In conclusion, we’ve explored some aspects of how Blockchain technology can be an asset of high value to the real estate space in New Zealand. In the next article we’ll explore the Sales and Purchase Agreement and how the current S&P can be improved upon using the Blockchain platform.



  1. Dodu

    14 March, 2017

    HI Vikas

    NIce article and website.

    Do you know how I can buy Ether in NZ?

    Also which wallets would you recommend to hold the coins – bit or ether.



  2. Paul Vermaak

    3 July, 2017

    Hi Vikas,

    I’m interested in Blockchain and how it can impact the property industry and the property market, and in particular how it can simplify S&P agreements. I think your article misses the key reasons people use agents, and I think once you understand that then the application could be more applicable.
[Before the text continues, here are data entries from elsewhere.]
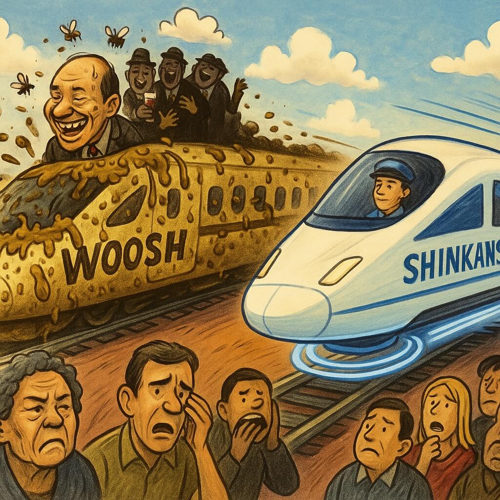 Baiklah. Masalahnya, Chuo Shinkansen Tokyo-Nagoya juga tidak dapat dibandingkan dengan KCJB. Bahkan lebih parah. Bukan hanya medan konstruksi yang berbeda, teknologi kedua kereta cepat tersebut juga berbeda jauh, bagaikan ‘bumi dan langit’: bagaikan membandingkan ‘macan dengan kucing’.
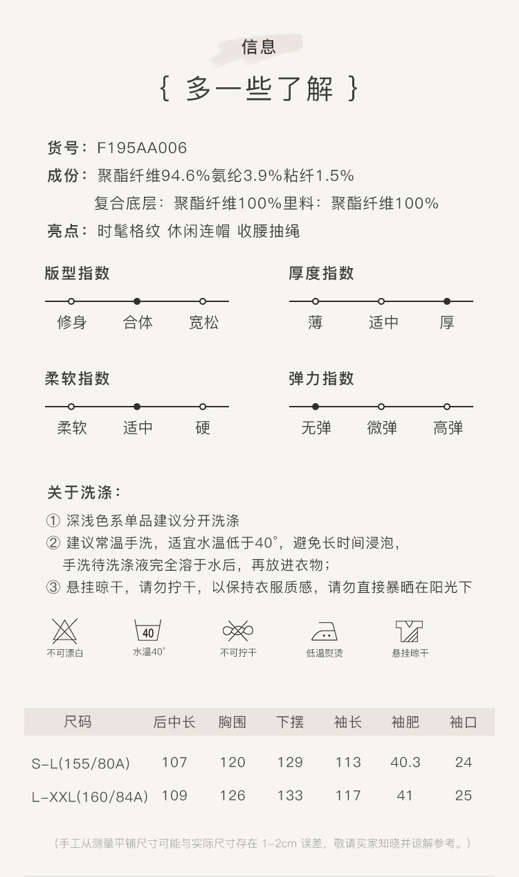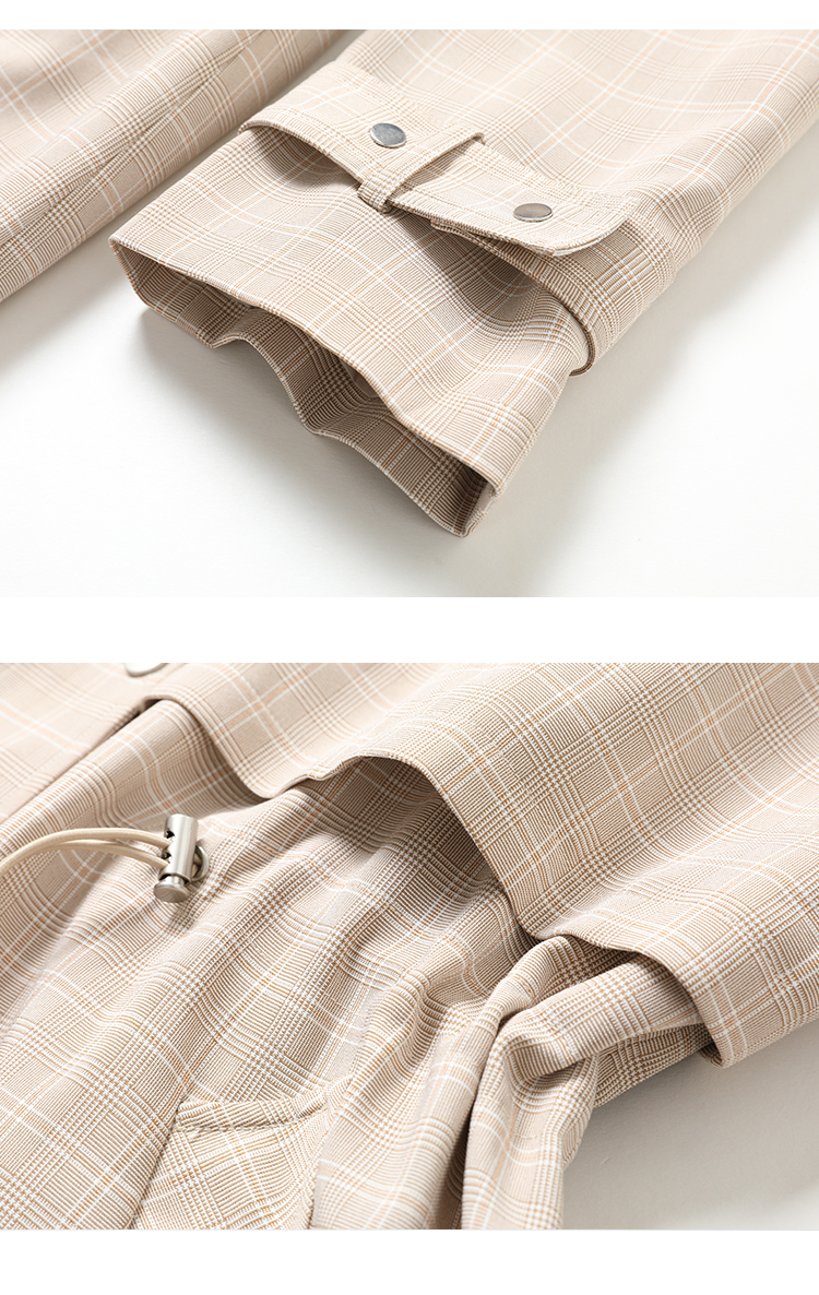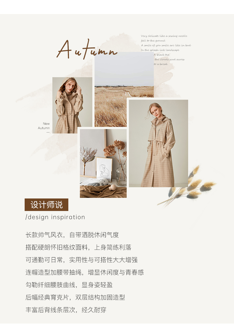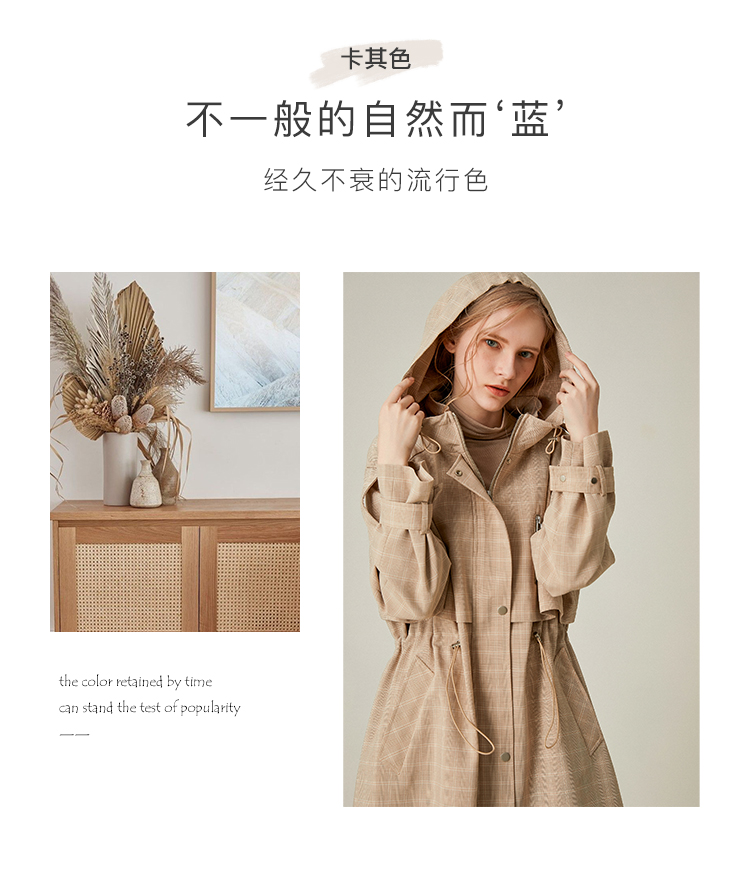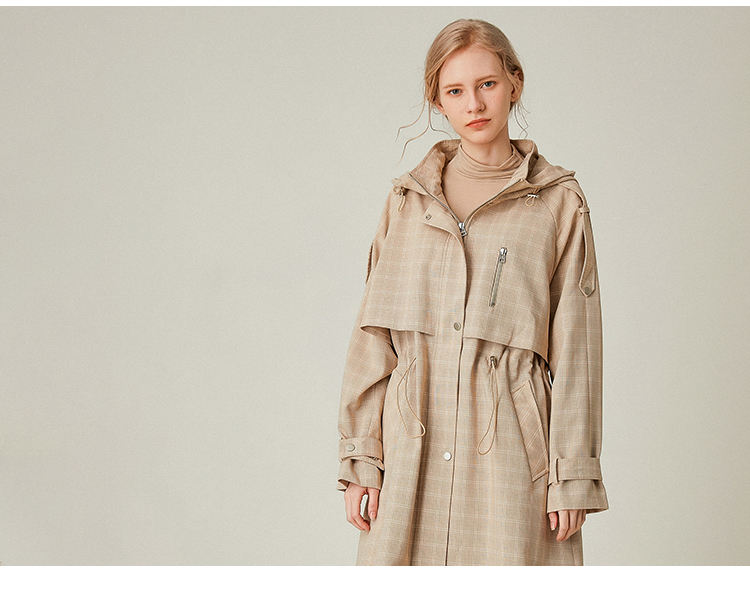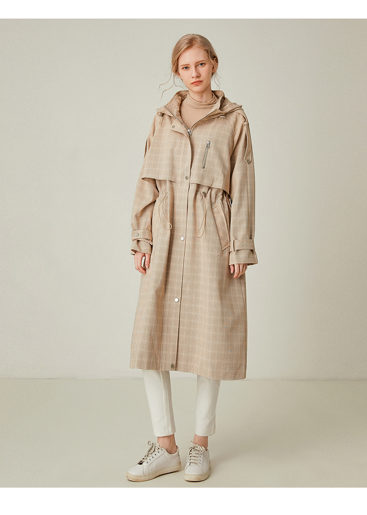Famecoco范可儿风衣女格子连帽收腰假两件中长款F195AA006
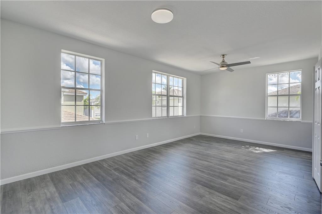 Totally Renovated Pristine/Modern 3/2.5+Loft. This Freshly painted, corner lot home features: Hurricane shutters, 2018 A/C system, Eat-in kitchen w/Refinished cabinets, SS appliances & farm sink, Large picture window in breakfast area w/20’ ceilings & Built-in buffet, 7 new modern fans w/lights & remotes, ALL bathrooms completely remodeled w/new vanity, granite, fixtures & lighted/heated mirror, 1st floor completely tiled & grout cleaned, New laminate on stairs & 2nd floor, Spacious master suite boasts walk-in closet and Extra loft area can be used for recreation room or office. 2 car garage has epoxy sealed floors, Built in overhead storage & cabinets, 2019 Tankless water heater w/filter & Brand new Broten garage door opener. HOA incl. Roof repairs/replacement & painting. Community pool
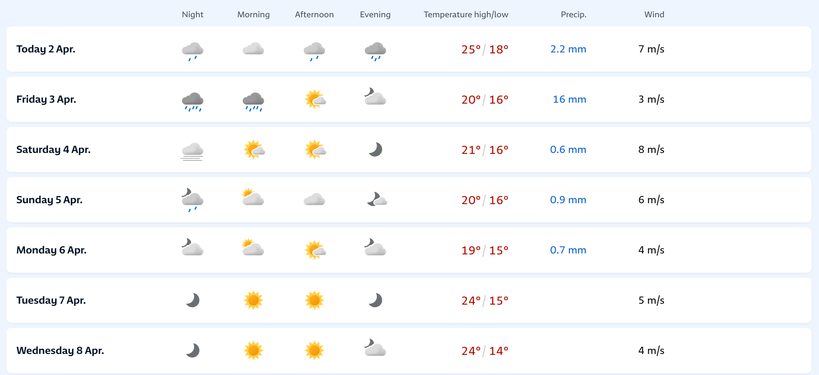 25°C / 18°C Rain ~2.2 mm Winds 7 / 1 m/s
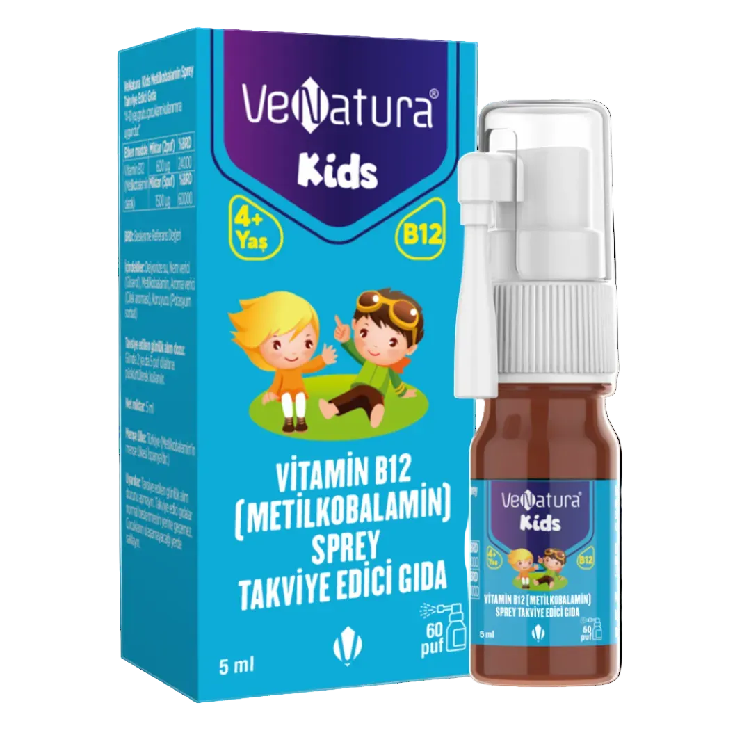 Venatura Kids Metilkobalamin Sprey, B12 vitaminini metilkobalamin formunda sunan ve doğrudan ağıza püskürtülerek kullanılan bir çocuk takviyesidir. Sprey formatı sayesinde tablet, kapsül yutmakta zorlanan çocuklarda rutine eklemeyi kolaylaştırmayı hedefler.
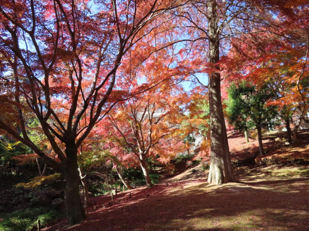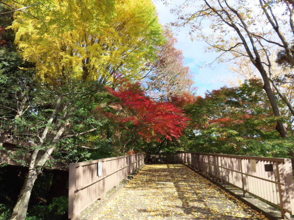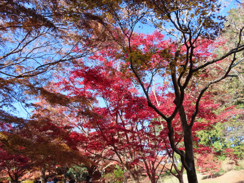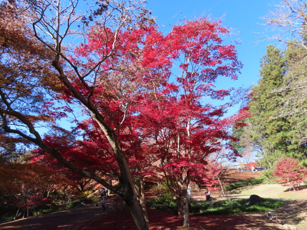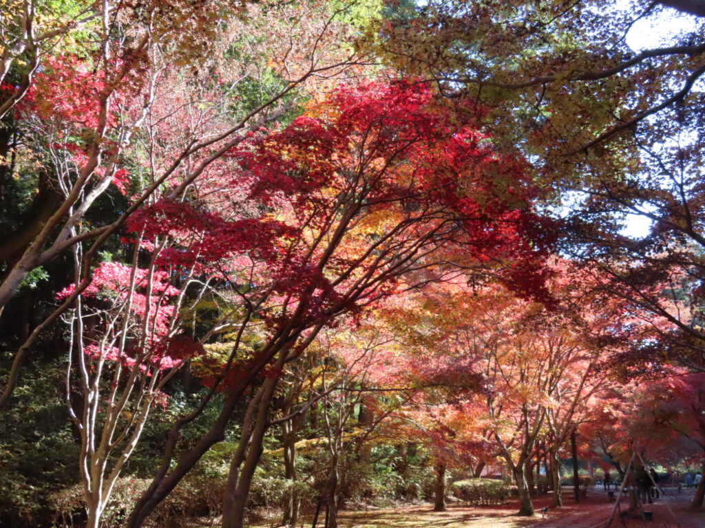 もみじ谷への道は線路をまたいで進むのですが、わかりづらく、スタッフの方に何度か道を尋ねながら辿り着きました。広さは大きくありませんが、紅葉はちょうど見頃で、深い赤が谷を染めていました。ここで彼女とはお別れし、私はその後も3周ほど散策してしまったほど魅力的な場所でした。
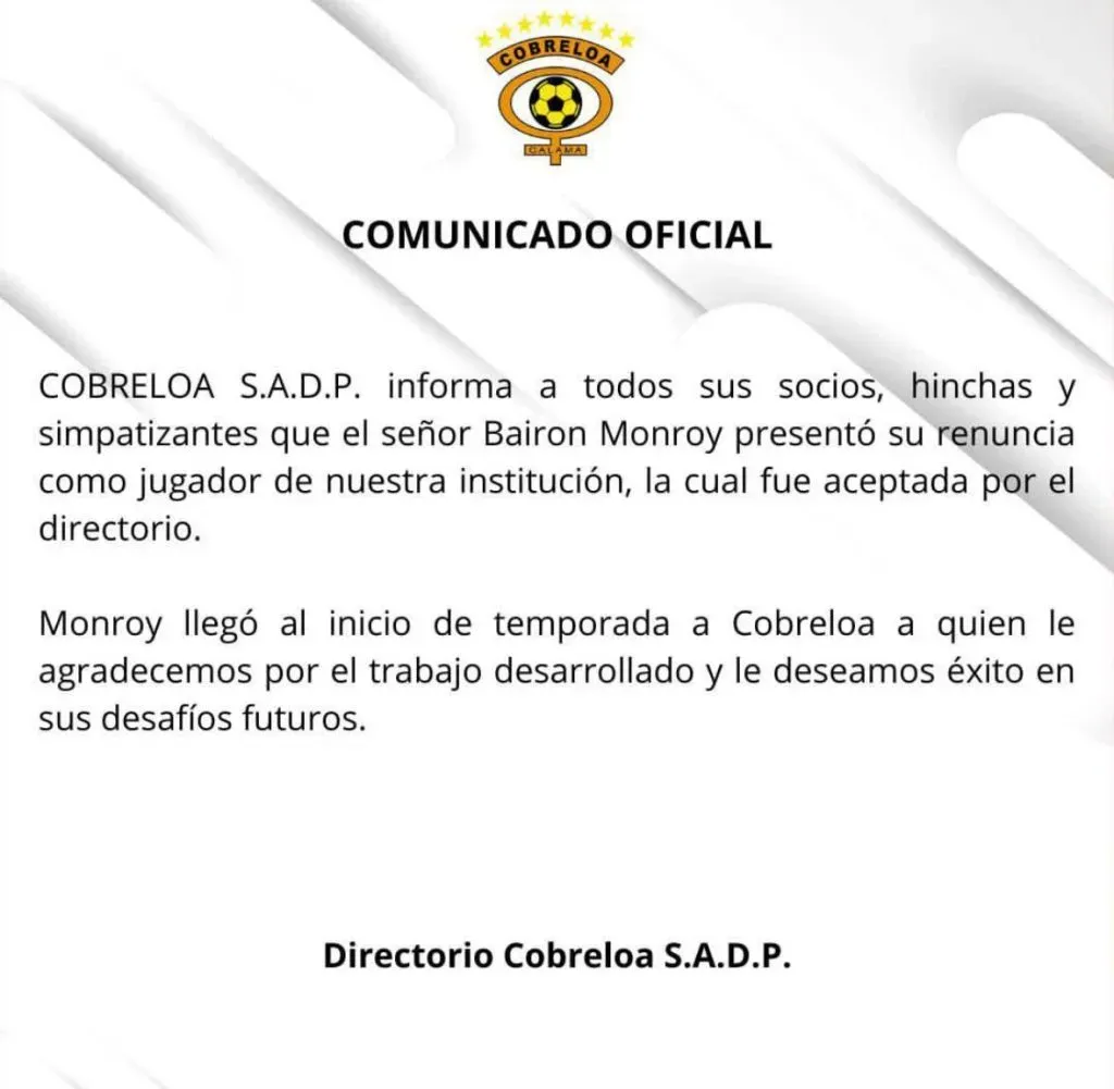 “Cobreloa S.A.D.P. informa a todos sus socios, hinchas y simpatizantes que el señor Bairon Monroy presentó su renuncia como jugador de nuestra institución, la cual fue aceptada por el directorio.”
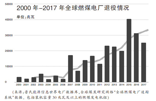 與此同時,過去20年間,全球燃煤機組的退役量出現(xiàn)了大幅的上升。2015年至2017年的三年期間尤為明顯,全球共有約97吉瓦的燃煤機組退役,數(shù)量創(chuàng)歷史新高。其中,美國以45吉瓦、中國以16吉瓦、英國以8吉瓦位居前列。
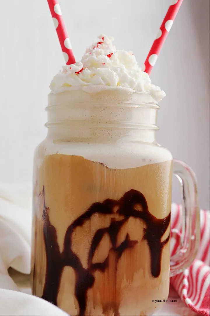 Pour the milk or half-and-half into a small jar, add a drop of peppermint extract, screw the lid on tight, and shake like crazy for 20–30 seconds. It creates thick, barista-style cold foam that sits beautifully on top and looks stunning sprinkled with crushed candy cane.

    Most sellers are too nervous to deal directly with buyers; they have no idea how to attract buyers from everywhere, and sellers can’t coordinate to get buyers through as many of their properties in one day as possible. Most sellers don’t have economies of scale for advertising or marketing, photography, branding etc, and most parties to the transaction prefer not to be in direct contact with the other party- it keeps emotions out of the discussions (if the seller is an elderly couple with not much money, the purchaser may walk away from the deal rather than paying top $. On the other hand, some sellers are so difficult that they would chase away many purchasers.

    I do think that Blockchain has a vital role to play in the real estate industry but the real role needs to be addressed.


  3. Andrew Guild

    30 January, 2018

    Thanks, Blockchain association for explaining the whole real estate purchase process.